Consider an agent team that heavily relies on radio communication, so that it can be formed only if “The expected probability of packet delivery over the radio is 90 percent or more, evaluated over the last hour with a confidence of 95%.” (Technically, such parameters can be set in the RCRS simulator.) This would be captured in TCOEL as msgDelivery (time - 3600, time).probability > 0.9 withConfidence 0.95, where msgDelivery is a Boolean time series recording whether an expected packet was received or not. The whole expression denotes a one-sided statistical test whether one can reject the null hypothesis that the samples over the last hour have the probability of being true less or equal to 0.9 with significance level α = 0.05.

4.3 TCOEF

TCOEF is a runtime framework (middleware in the form of a Scala library) which executes the individual steps of component’s MAPE-K loop and takes care of resolving ensembles. Furthermore, it provides a basic extensible library of reusable traits (Sect. 4B).

Internally, TCOEF translates the component instances and ensemble types to a constraint optimization problem (COP) that describes optimal instantiation of ensembles as defined in Definition 4. The COP which encodes instantiation of ensembles based on their respective ensemble instance templates \( \left( {E_{i} , V_{P}^{i} } \right) \) as generated by functions gsdom (Definition 1). This instantiation starts from root ensembles instances (Definition 3 and line 42 in Fig. 1) and goes recursively over the sub-ensemble groups (i.e., G in Definition 1). The membership of a component in an ensemble instance and sub-ensemble instances is encoded as Boolean variables. Membership conditions are encoded as hard constraints and utility functions as soft constraints. The rules that determine whether an ensemble is valid (Definition 2) and determine ensemble hierarchies are also encoded as hard constraints.

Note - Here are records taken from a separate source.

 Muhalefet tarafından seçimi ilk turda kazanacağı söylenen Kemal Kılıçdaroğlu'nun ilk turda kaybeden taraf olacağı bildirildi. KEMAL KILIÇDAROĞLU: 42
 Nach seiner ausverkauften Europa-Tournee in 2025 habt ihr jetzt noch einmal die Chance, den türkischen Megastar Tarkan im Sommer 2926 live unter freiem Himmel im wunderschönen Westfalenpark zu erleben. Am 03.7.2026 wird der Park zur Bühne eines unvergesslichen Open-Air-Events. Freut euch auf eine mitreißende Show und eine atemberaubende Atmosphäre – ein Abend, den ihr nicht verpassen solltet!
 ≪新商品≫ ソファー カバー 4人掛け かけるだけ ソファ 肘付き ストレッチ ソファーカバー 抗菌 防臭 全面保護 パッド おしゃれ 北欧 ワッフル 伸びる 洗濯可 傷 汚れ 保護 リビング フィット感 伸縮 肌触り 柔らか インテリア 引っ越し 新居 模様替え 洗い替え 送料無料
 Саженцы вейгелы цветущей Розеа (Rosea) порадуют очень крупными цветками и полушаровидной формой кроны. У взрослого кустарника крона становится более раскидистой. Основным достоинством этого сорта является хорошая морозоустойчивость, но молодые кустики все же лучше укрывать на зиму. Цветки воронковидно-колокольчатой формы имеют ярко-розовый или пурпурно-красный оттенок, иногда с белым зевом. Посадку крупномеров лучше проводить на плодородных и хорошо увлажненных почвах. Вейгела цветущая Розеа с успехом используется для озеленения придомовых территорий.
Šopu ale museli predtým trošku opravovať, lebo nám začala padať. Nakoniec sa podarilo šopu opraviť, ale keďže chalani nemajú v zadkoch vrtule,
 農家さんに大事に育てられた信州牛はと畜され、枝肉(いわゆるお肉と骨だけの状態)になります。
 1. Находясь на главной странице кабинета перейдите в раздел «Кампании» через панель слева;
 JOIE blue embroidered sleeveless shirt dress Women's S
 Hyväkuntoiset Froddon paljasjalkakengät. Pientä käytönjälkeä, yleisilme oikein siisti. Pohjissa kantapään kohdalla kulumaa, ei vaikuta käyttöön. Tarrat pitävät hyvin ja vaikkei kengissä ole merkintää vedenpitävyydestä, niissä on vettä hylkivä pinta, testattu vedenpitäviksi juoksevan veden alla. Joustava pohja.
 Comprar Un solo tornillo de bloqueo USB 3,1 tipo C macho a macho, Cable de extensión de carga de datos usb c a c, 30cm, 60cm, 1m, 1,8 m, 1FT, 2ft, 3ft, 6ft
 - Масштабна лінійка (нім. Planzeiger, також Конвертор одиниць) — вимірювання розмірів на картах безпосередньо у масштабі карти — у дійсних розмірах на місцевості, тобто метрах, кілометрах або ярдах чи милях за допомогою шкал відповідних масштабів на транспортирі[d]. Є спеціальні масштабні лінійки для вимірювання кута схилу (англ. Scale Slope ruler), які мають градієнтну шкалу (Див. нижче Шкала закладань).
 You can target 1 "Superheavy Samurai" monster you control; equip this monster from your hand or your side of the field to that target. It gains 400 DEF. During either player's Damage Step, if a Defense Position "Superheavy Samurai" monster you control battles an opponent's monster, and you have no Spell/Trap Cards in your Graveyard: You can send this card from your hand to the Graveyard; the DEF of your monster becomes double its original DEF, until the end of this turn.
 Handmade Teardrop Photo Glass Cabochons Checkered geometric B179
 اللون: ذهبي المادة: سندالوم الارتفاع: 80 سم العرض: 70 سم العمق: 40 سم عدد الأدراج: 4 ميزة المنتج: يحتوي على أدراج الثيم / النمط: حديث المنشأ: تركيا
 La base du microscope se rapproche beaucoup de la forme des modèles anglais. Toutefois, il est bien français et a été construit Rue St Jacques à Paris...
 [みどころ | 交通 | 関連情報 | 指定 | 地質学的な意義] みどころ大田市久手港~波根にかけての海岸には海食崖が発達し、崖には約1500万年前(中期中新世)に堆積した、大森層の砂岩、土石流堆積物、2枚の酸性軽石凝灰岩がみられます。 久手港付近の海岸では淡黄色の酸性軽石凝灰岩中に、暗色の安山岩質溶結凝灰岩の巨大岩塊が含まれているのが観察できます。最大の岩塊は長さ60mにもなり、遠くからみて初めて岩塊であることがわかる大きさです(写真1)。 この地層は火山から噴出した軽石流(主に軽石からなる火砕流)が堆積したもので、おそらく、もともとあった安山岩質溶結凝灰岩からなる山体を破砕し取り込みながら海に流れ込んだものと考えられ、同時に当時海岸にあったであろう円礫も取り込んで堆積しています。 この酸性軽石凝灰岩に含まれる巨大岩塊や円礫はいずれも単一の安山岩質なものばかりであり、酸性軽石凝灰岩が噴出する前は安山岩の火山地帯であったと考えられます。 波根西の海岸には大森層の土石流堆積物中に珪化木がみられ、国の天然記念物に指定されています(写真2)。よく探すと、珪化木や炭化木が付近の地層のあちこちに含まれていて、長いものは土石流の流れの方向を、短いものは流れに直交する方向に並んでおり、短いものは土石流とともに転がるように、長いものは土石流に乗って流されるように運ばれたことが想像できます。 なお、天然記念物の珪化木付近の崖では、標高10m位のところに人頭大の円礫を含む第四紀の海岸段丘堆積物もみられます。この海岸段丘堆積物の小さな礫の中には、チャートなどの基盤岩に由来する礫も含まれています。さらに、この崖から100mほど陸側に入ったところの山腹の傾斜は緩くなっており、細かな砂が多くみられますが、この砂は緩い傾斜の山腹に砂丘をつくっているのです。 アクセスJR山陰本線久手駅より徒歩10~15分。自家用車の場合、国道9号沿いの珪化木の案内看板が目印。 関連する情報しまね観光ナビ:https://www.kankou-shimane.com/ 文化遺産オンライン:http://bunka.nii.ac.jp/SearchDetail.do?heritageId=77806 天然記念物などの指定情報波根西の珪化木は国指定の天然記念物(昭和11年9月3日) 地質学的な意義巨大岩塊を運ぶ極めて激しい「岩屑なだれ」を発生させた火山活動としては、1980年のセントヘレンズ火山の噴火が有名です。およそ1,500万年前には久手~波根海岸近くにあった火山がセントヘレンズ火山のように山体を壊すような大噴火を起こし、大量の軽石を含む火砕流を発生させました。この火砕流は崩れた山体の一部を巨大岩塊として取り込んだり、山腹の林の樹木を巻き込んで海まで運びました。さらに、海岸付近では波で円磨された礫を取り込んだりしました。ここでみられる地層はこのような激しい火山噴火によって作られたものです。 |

A solution found by the constraint solver corresponds to valid instantiation of root ensemble instances. The optimal solution found by the solver then implies the optimal instantiation of ensemble hierarchy (or hierarchies).

5 Evaluation

As stated in Sect. 1, with TCOEL and TCOEF we aim at providing (1) a language that allows for expressive yet reusable specification of complex components and ensembles and (2) a runtime framework for resolving such complex ensembles. We therefore evaluated both the level of reuse that TCOEL enables and the scalability of TCOEF in resolving complex hierarchical ensembles.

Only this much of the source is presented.